33 There is a further problem in any event. Clause 4.2 of the contract makes crystal clear that any short range construction programmes “do not represent fixed obligations”. They thus could not constitute a contractual Completion Date. Moreover, it is clear from the final two sentences of cl 4.2 that such programme dates are to be contrasted with “the Date for Completion” which cl 4.2 renders paramount. The problem for the Plaintiff is that expression has no definition of any contractual character.
34 It follows that I am satisfied there is no plausible contention that could be raised to the contrary of the proposition that liquidated damages are not applicable.
35 Then the Defendant attempted to eke out a corresponding quantum of damage based upon the common law proposition that if no time for completion is agreed there is an implied term requiring completion within a reasonable time; see Dunedin Water Works Co v Bassett (1868) 1 NZCA 141; Gold Coast Oil Co Pty Ltd v Lee Properties Pty Ltd (1984) 1 BCL 63 at 66; and Crowshaw v Pritchard and Renwick (1899) 16 TLR 45. That proposition however could not in the present contractual circumstances give rise to an offsetting amount by way of quantifiable offsetting claim, even accepting that all that is required is that the offsetting claim be not fictitious or colourable. Though that modest threshold be passed it must be capable of being valued at its genuine level. At the present time and on the present state of the evidence it can only be valued at a nominal $1. This is because damages cannot be readily calculated, as is the case here where they depend on matters not presently ascertained or reasonably ascertainable; see Jesseron Holdings Pty Ltd v Middle East Trading Consultants Pty Ltd(No. 1) (1994) 13 ACSR 455 at 462 per Young J. It must be remembered that whilst an offsetting claim can be unliquidated, the capacity to ascertain its genuine level is essential, if it is to be other than a nominal $1. It was not so possible here. This is more particularly when the onus of establishing what is reasonable is on the party (the Plaintiff) relying upon that implied term; see most recently Earnshaw v Gorman Sons Pty Ltd ([2001] WASCA 50, 28 February 2001, unreported (Full Court)).

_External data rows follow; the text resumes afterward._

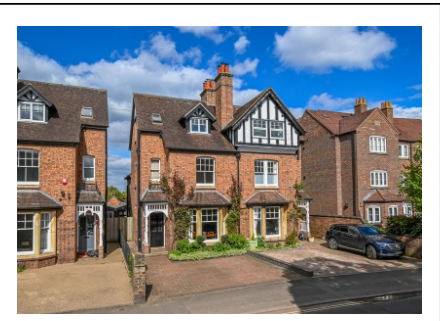
2 Westgate Villas, Salop Street, Bridgnorth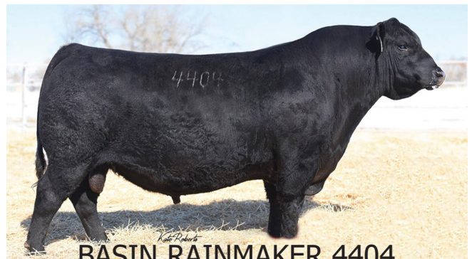
BASIN RAINMAKER 4404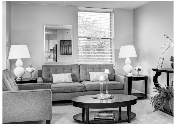
One of the living units at Mather Place of Wilmette is shown.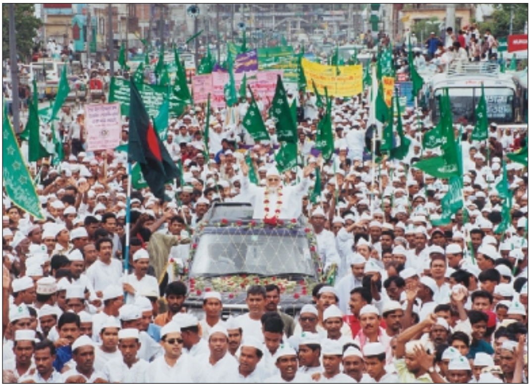
Devotees parade through city streets in a colourful procession Thursday to observe Eid-e-Miladunnabi, the birth and death anniversary of Prophet Hazrat Muhammad (PBUH).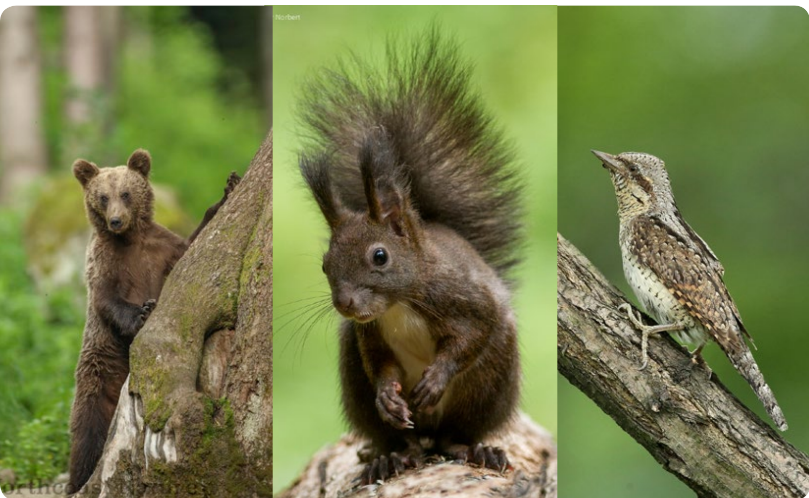
Brown Bear; Red Squirrel and Wryneck

Please visit our Transylvania Blog for more pictures!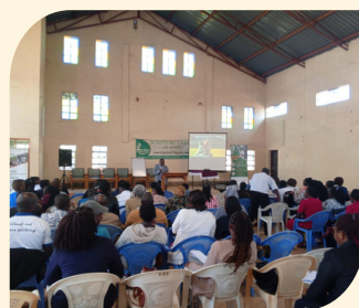
Teachers Conference at ACK St. Peters, Nyeri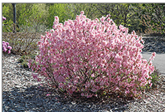
Cornell Pink Rhododendron in bloom

36 This remaining contender for an offsetting claim, based as it is on unliquidated damages, cannot find a justifiable basis for quantification in the liquidated damages clause when the latter is clearly not applicable. It must therefore fail beyond a nominal $1.
- CONCLUSION
37 On the materials before me, the Plaintiff’s claim to have the Defendant’s statutory demand dismissed in its entirety must fail. The amount for which the Defendant’s statutory demand is ultimately to be treated as substantiated is $54,967, subject to the Galcsik claim not being admitted for greater than $11,060.
- POSTSCRIPT
38 No further judgment is now required. This is because it has been subsequently agreed between the parties that there is to be a deduction for “the Galcsik claim” from the statutory demand, in the amount proffered by the Defendant of $11,060 rather than the higher amount sought by the Plaintiff.